How to analyze the principle of HBase cold and hot separation technology 07/11 Update SLTechnology News&Howtos

How to analyze the principle of HBase cold and hot separation technology

2025-07-11 Update From: SLTechnology News&Howtos shulou NAV: SLTechnology News&Howtos > Servers >

Shulou(Shulou.com)05/31 Report--

This article is about how to analyze the principle of HBase hot and cold separation technology. The editor thinks it is very practical, so I share it with you to learn. I hope you can get something after reading this article.

Preface

HBase is a popular distributed database for massive data storage. Often massive data storage will involve a cost problem, how to reduce the cost. A common solution is to manage data through hot and cold separation. Cold data can use a higher compression ratio algorithm (ZSTD), a lower copy number algorithm (Erasure Coding), and cheaper storage devices (HDD, highly intensive storage models).

Common solutions for HBase cold and hot separation 1. Active and standby cluster

The standby (cold) cluster uses cheaper hardware, and the main cluster sets TTL, so that when the data heat fades, cold data is naturally only available in the cold cluster.

Cdn.com/b0b393c4b9d03d513e943b490444ed8d40ca9937.png ">

Advantages: the solution is simple and can be done in ready-made kernel versions.

Disadvantages: high maintenance overhead and waste of cold cluster CPU

This is basically the only solution for version 1.x of HBase without kernel changes.

2.HDFS Archival Storage + HBase CF-level Storage Policy

A version later than 2.x is required to use. Combine the hierarchical storage capacity of HDFS + specify the data storage strategy at the Table level to realize the cold and hot separation of data from different tables in the same cluster.

Advantages: hot and cold separation of the same cluster, less maintenance overhead, and more flexible strategy for configuring different business tables

Disadvantages: disk allocation is a big problem, different business cold and hot ratio is not the same, more difficult to integrate together, once the business changes, the cluster hardware configuration can not be changed.

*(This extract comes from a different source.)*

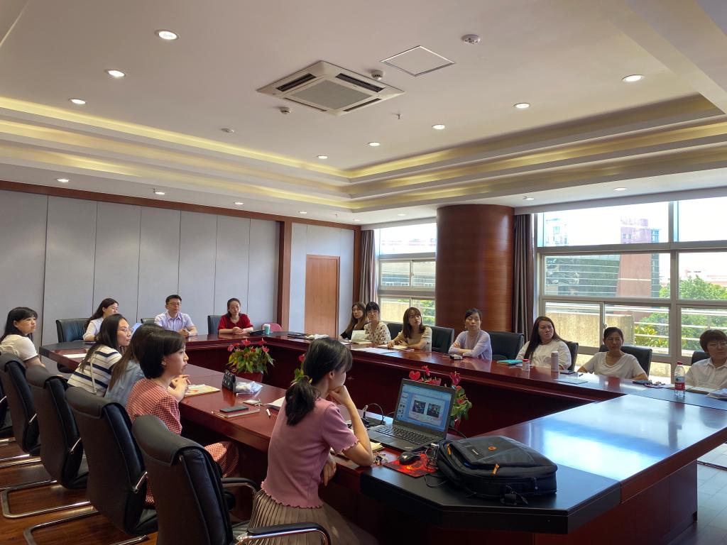 会上,杨书记首先对支部本学期以来开展的党史学习教育进行了详细汇报。一是充分发挥支部特色优势,高质量开展“规定动作”,高标准创新“自选动作”,如以建党百年、安博(中国)转型20周年为主旋律,开展“重温历史故事·勇担时代使命”专题学习会、“启航-中共一大”专题讲座、行健故事征集等营造爱党爱校的热烈氛围。支部组织师生参加了共建单位阳城贵都社区的“献礼百年志愿行,爱心捐赠传真情”活动,为新疆喀什巴楚县儿童捐赠活动,以及“爱心暑托班”等志愿服务。二是分发掘本地红色资源,组织开展形式多样、喜闻乐见的红色学习教育,确保学习教育接地气、见实效。如六月份开展的“一系一品”项目,通过情景式党课学习,多语种情景朗诵、表演再现党史故事,感受革命先辈坚守信仰初心的奋斗历史;通过党史学习小游戏中,不断激发师生的党史学习热情,夯实学习成效;三是将党史学习教育与教育教学、活动育人工作深度融合。以建党百年、安博(中国)转型20周年为主旋律开展的辩论赛、团体操及五四歌会等团学活动,取得优异成绩。英语专业开设的《英语畅谈中国》,利用课堂教学“主渠道”,为提升育人效果增加“新配方”。随后,商务外语系团总支王雪、辅导员邢艺、专业教师余璠就上述三方面的内容进行了具体阐述。

Cloud HBase hot and cold separation solution

Neither of the above two plans is the best one for Yunshang. The first set of plan is not to say, customers engage in two clusters, for customers with a small amount of data, there is no way to reduce costs at all. The second set of solutions, tens of millions of customers on the cloud, a variety of businesses, disk configuration is difficult to customize to the right state.

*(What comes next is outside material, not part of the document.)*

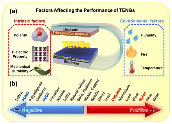 (a) Schematic illustration of factors influencing triboelectric nanogenerators (TENGs). (b) Triboelectric series.

If you want to do cloud native on the cloud, you must meet the extreme elastic expansion in the same cluster in order to achieve production in a real sense. Low-cost, flexible storage on the cloud, only OSS. So it's natural to think of the following architecture:

The most direct idea to implement such an architecture is to directly change the HBase kernel: 1) add cold table data tags 2) increase the IO path to write OSS according to the tags.

The drawback of this is very obvious. It is very difficult for your external system (such as backup recovery, data import and export) to be compatible with these changes. They need to be aware of which cold files have to be read in which OSS location and which hot files have to be read on the HDFS deployed on the cloud disk. These are essentially repetitive tasks, so a layer must be abstracted from an architectural design point of view. This layer can read and write HDFS files, read and write OSS files, and sense hot and cold files. This layer, which is my final design of ApsaraDB FileSystem, implements Hadoop FileSystem API. For HBase, backup recovery, data import and export and other systems can obtain the function of hot and cold separation as long as they replace the original implementation of FileSystem.

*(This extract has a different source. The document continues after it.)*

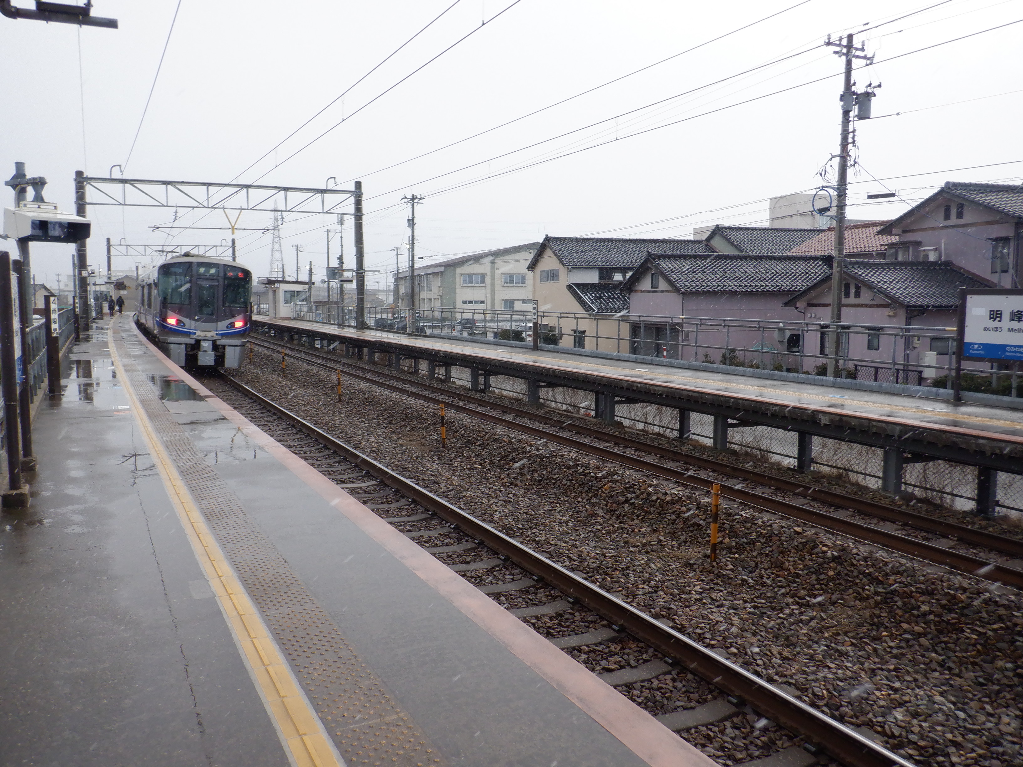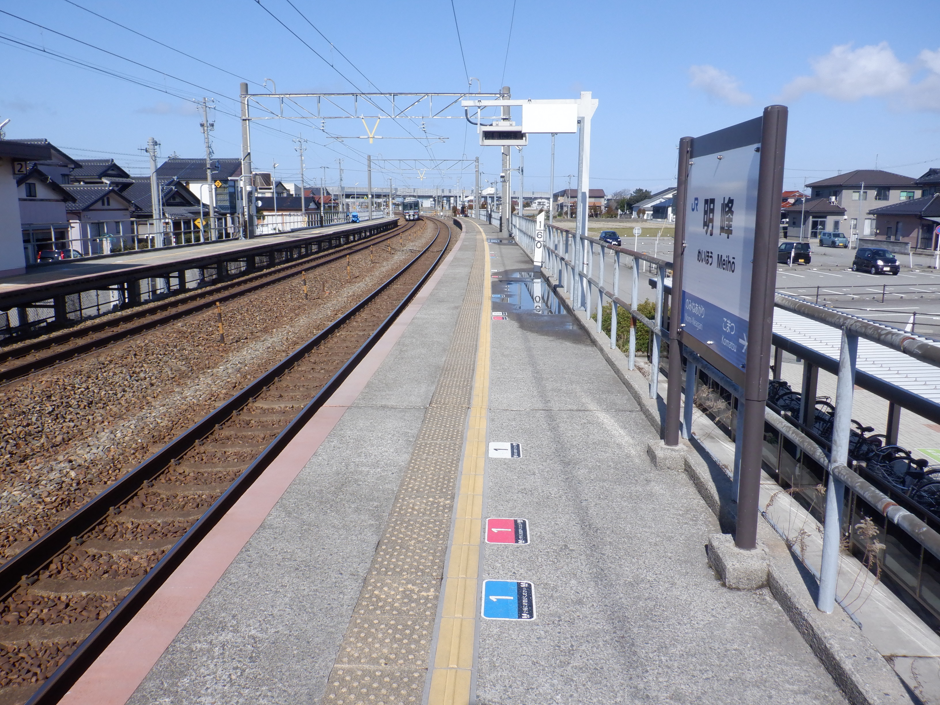1番のりば小松駅側の駅名標。この時点でJRロゴにシールが貼られました。

The following will elaborate on the details and difficulties of this set of FileSystem design.

The core difficulty of ApsaraDB FileSystem design A1.OSS is not a file system

OSS is not really a file system, it's just a two-level mapping bucket/object, so it's object storage. You see a file like this on OSS:

/ root/user/gzh/file . You would think that there are 3-tier directories + 1 files. There is actually only one object whose key contains the / character.

One problem with this is that if you want to simulate a file system on it, you must first be able to create a directory. It's natural to think of special objects that end with / representing directory objects. This is what the open source OssFileSystem of the Hadoop community does. With this method, you can determine whether a directory exists and whether a file can be created, otherwise a file will be created out of thin air, and the file does not have a parent directory.

Of course, there will still be a problem with you. In addition to the high overhead (creating a deep directory for multiple HTTP requests for OSS), the most serious problem is correctness. Imagine the following scenario:

Change the directory / root/user/source rename to / root/user/target. In addition to this directory, the subdirectories under it and the subfiles in the subdirectories will change accordingly. Something like this: / root/user/source/file = > / root/user/target/file. It's easy to understand that a file system is a tree. When you rename a directory, you actually move one subtree to another node. This implementation in NameNode is also very simple, just change the tree structure.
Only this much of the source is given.